The NAM report tries to claim adverse economic impacts from safer air not based on actual job losses, but based on a squirrely concept the report cooks up called "job-equivalents." The report (at FN2) defines job-equivalents in the following convoluted and nearly incoherent fashion: "total labor income change divided by the average annual income per job."

Critically, however, in the very next sentence the report notes: "This measure does not represent a projection of numbers of workers that may need to change jobs and/or be unemployed, as some or all of the loss could be spread across workers who remain employed, thereby impacting many more that 2.9 million workers, but with lesser impacts per worker." (emphasis added)

In other words, "job-equivalents" does not mean actual job losses. The NAM report simply does not support Congressman Latta's claim of "over 22,000 lost jobs." In fact the report flatly contradicts that contention. Similarly, the NAM president is contradicting NAM's own report by pretending that "39,087 lost jobs or so-called job equivalents" are, well, equivalent. The NAM report again contradicts that pretense, because the report doesn't support actual job loss claims in Virginia or anywhere else.

This is no idle distinction, or an instance of 'he said, she said.' For a while after the report was issued, NAM's Twitter feed repeatedly tried claiming that job equivalents and job losses were the same thing. I called them out on this many times by commenting reproachfully on NAM tweets, citing to the critical language in the report itself. Since then the NAM Twitter feed generally has not tried to conflate the two very different concepts. Some members of Congress and NAM's president are another thing altogether.

Finally, consider the incoherency of the job-equivalent concept at all. As my former colleague, economist Laurie Johnson has explained, the NAM report flows from an industry consultant-crafted model that resorts to three maneuvers to generate scary-sounding "job-equivalent" impacts: (1) it bakes into the model lower worker wages assumed from lower productivity; (2) it further lowers labor income by assuming some workers will work less voluntarily; and (3) the model then divides assumed total lost labor income by the "annual baseline income for the average job."

So consider these two scenarios.
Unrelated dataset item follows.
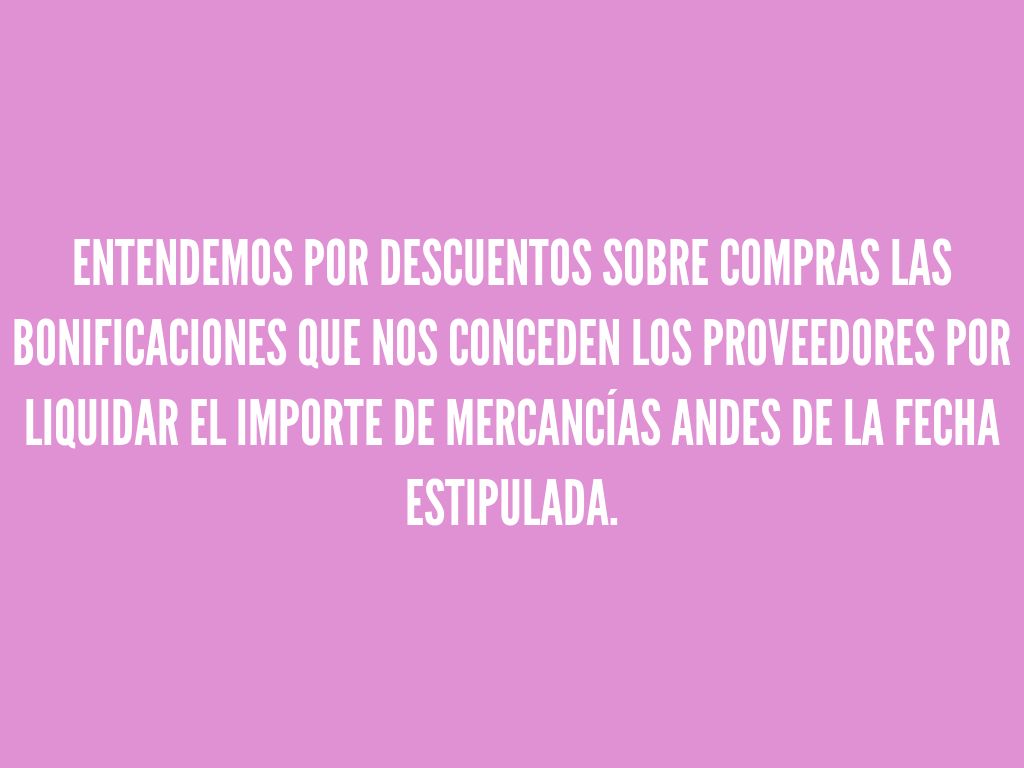 ENTENDEMOS POR DESCUENTOS SOBRE COMPRAS LAS BONIFICACIONES QUE NOS CONCEDEN LOS PROVEEDORES POR LIQUIDAR EL IMPORTE DE MERCANCÍAS ANDES DE LA FECHA ESTIPULADA.

First, if Charles and David Koch decided voluntarily to stop working for one year out of spiteful, ideological protest over safer health standards, and you divided that lost income by the yearly income for an average worker's job, the result would be an average annual loss of an enormous number of job-equivalents. No actual job losses, mind you, just a year-long sojourn for two multi-billionaires.
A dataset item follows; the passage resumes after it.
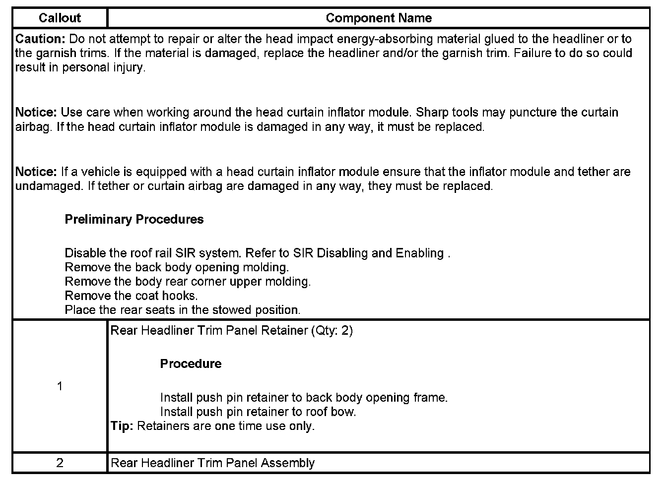 Headlining Rear Trim Panel Replacement (Extended Wheelbase)

Second, suppose every worker in America voluntarily chose to work 5 minutes less per year, haunted by the prospect of safer air in their communities. Dividing that total lost income by the yearly income for an average worker's job, the result would be an average annual loss of an enormous number of job-equivalents.
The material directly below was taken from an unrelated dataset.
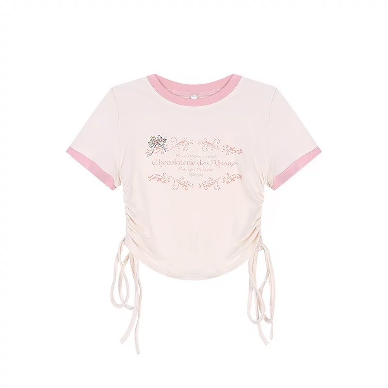 | nameOriginal | Navel-baring niche drawstring bottoming top ins short-sleeved T-shirt |

Of course, neither one of those scenarios is any more realistic than the garbage results spit out by the NAM report. What they all have in common, however, is that none show any actual job losses.

Politicians and industry lobbyists opposed to safer air cannot counter the expertise of the nation's top medical organizations, or the mountain of medical studies proving the need for safer health standards. Look carefully and you will notice these opponents don't even try.

So it's not hard to see why they desperately wish to rely on the NAM report to support claims of significant and precise job losses. Better sound bites, punchier fear mongering, and easier to understand than convoluted "job-equivalents."

What is harder to get is why so much of their dirty air campaign is founded on a demonstrable falsehood from a single, insane study.